# Why doesn't Amtrak extend the Auto Train to NYC area?



## SandraW (May 16, 2013)

Why doesn't Amtrak extend the Auto Train to New York City area? Is there some technical reason not to?

A lot of New Yorkers driver 4 hours just to catch the Auto Train in Virginia.... there must be a lot of NY-FL traffic, no?


----------



## the_traveler (May 16, 2013)

Yes there is. The tunnels in Baltimore on the NEC (and not really relevant to this thread, the tunnels into NYP) will not fit Superliners. (Thats why any train going into NYP operate with single level equipment!) Also there is also the issue of real estate needed for a terminal.


----------



## Alexandria Nick (May 16, 2013)

Also, its right south of the point where you can funnel all the car traffic from a swath ranging from Cleveland to Boston without causing large numbers of potential customers to doubleback to get to the Auto Train hub. Population on the I-95 corridor drops pretty hard after Lorton. Yeah you still have the extreme DC suburbs, Fredericksburg, and Richmond, but those are tiny potatoes compared to what's North.


----------



## John Bobinyec (May 16, 2013)

the_traveler said:


> Yes there is. The tunnels in Baltimore on the NEC (and not really relevant to this thread, the tunnels into NYP) will not fit Superliners. (Thats why any train going into NYP operate with single level equipment!) Also there is also the issue of real estate needed for a terminal.


Why would the train have to travel on the NEC through Baltimore and Washington? Surely there's another route that could be taken to avoid those tunnels.

jb


----------



## MikefromCrete (May 16, 2013)

The train's present terminal allows for an overnight trip without stretching out the travel. As someone said, Lorton serves as the bottom of the funnel to allow people from all over the Northeast to access the train. That's also why the train terminates in Sanford and not Miami. Easy road access to the state's top attractions.

As an alternate the train could use CSX north of Washington, but I that would also have height problems with a different set of tunnels in Baltimore. The Auto Train has worked well for more than 40 years as both a private enterprise and part of Amtrak. No need to mess up a proven winner.


----------



## afigg (May 16, 2013)

John Bobinyec said:


> the_traveler said:
> 
> 
> > Yes there is.

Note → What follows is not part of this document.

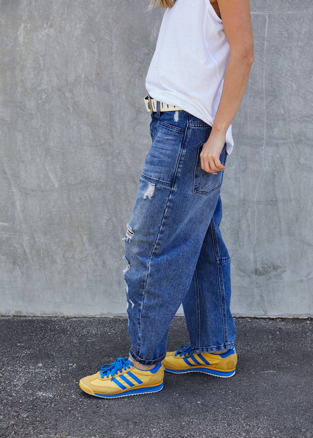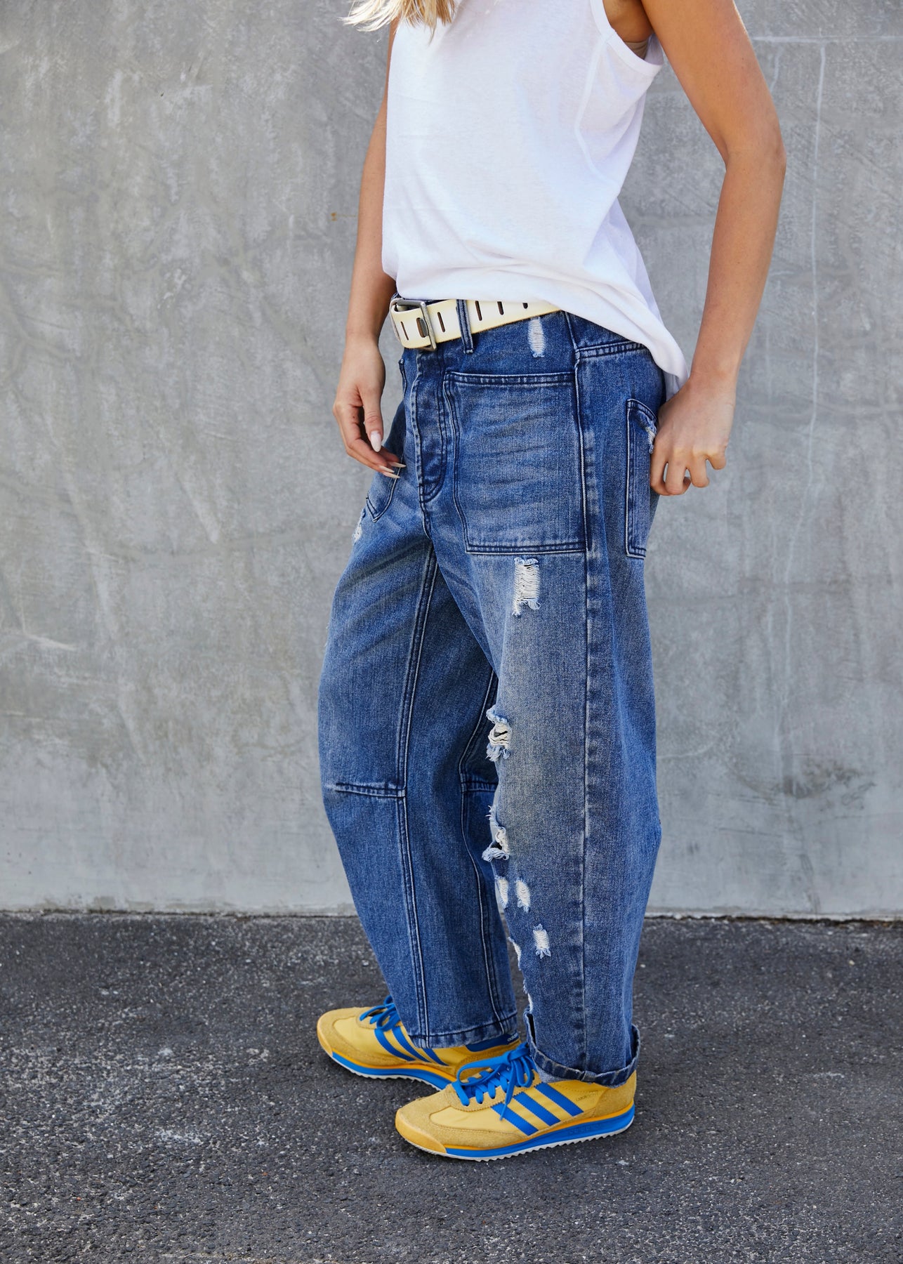 - Our model is wearing the medium to create an oversized slouchy look, she is a size 10 and they are sitting on her hips.

The tunnels in Baltimore on the NEC (and not really relevant to this thread, the tunnels into NYP) will not fit Superliners. (Thats why any train going into NYP operate with single level equipment!) Also there is also the issue of real estate needed for a terminal.
> ...


When this question of extending the AT north to NJ/NYC comes up, the focus is typically on the NEC and the Baltimore tunnels. Which is mis-directed, because if the clearance was there for the car carriers, the AT would run on CSX. But from what I have observed, the clearance issues for the NEC are not just the Baltimore tunnels, but any number of overpass bridges and other obstructions to NJ as well as the catenary.

As for CSX, the first clearance obstruction north of Lorton is the Virginia Avenue Tunnel in DC. Which is why the AT station was located in Lorton VA, not Maryland between DC and Baltimore, which would have captured I-70 traffic & been closer to PA, NJ, NYC, New England. CSX will rebuild the Virginia Avenue Tunnel by 2015/2016 to provide doublestack clearance for 2 through tracks. CSX will have clearance for double stack container trains to the south side of Baltimore by 2015/2016. However, the clearance restrictions of the Howard Street tunnel in Baltimore and the CSX tracks through northern MD and Delaware will remain. The FRA has studied replacing the Howard Street tunnel with a Plate H clearance tunnel to run parallel to the proposed B&P tunnel replacement, but CSX does not appear that interested in spending a billion dollars on a new tunnel in Baltimore. If the feds and Maryland were to pay the lion's share of the cost for a new freight tunnel in Baltimore, that might change CSX's mind. But in the foreseeable future, there is no viable route for a AT with tall autoracks through Baltimore and northeastern MD.

There is a lengthy 2011 FRA report titled "BALTIMORE’S RAILROAD NETWORK: ANALYSIS AND RECOMMENDATIONS" on the Baltimore tunnels and replacing the B&P tunnel available on the FRA website which will tell most more than they wanted to know about the clearance restrictions in the Baltimore region. Google should turn it up.


----------



## xyzzy (May 16, 2013)

There is a question of accommodating a second AT at the Sanford terminal. Unless someone wants to spend big money there to increase capacity, a second NE-Florida AT would have to be scheduled around the times when the Sanford terminal is currently quiet. This was an issue in 1973 when the original AT intermittently operated a second daily departure. Their answer was an 8 pm departure with an 11:30am arrival at both ends.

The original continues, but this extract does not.